Transcribe exactly the lines from the one containing "Bij het bezorgen" through the end of the data, both included. Leave out pictures.

Dataset excerpt
● ● ●
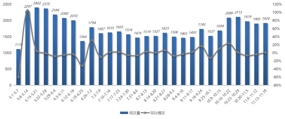 因上市量减少影响,南京二手房新房认购、成交量均处于低位。目前市场挂牌行情仍相对低迷,新增挂牌房源量价齐跌。上周,南京全市二手房成交1924套(含高淳、溧水),环比小幅上涨1%,其中主城九区成交量1785套。从成交走势来看,11月以来,二手房成交量连续3周保持稳定,周交易量均在1900-2000套,波动较小,但近期二手成交均价有下行的趋势,市场以价换量情况加剧。2023年南京二手住宅逐周成交量及环比情况
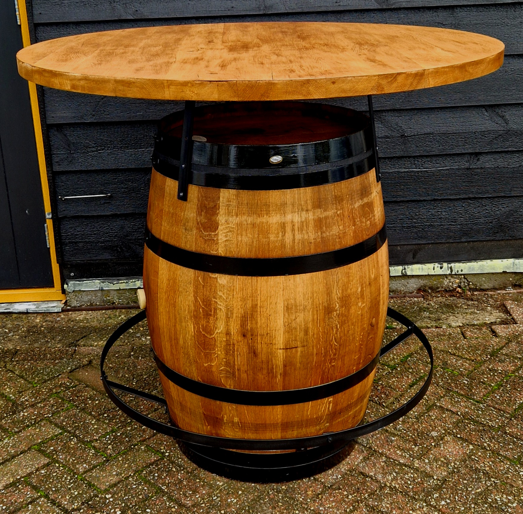 Bij het bezorgen van uw tontafel zit het blad en voetsteun altijd los, u dient dan ook zelf even het blad en de voetsteun op de ton te bevestigen met de bijgeleverde schroeven.
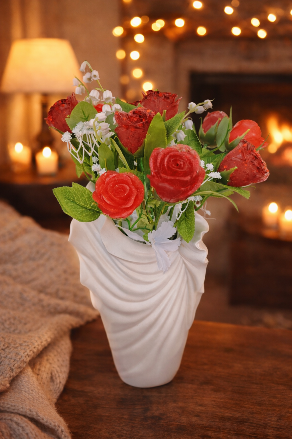 Présenté dans un élégant vase décoratif au design moderne, ce bouquet associe la beauté intemporelle des roses rouges à la douceur du muguet pour créer une ambiance chaleureuse et romantique.
● ● ●
Answer space
 Bij het bezorgen van uw tontafel zit het blad en voetsteun altijd los, u dient dan ook zelf even het blad en de voetsteun op de ton te bevestigen met de bijgeleverde schroeven.
 Présenté dans un élégant vase décoratif au design moderne, ce bouquet associe la beauté intemporelle des roses rouges à la douceur du muguet pour créer une ambiance chaleureuse et romantique.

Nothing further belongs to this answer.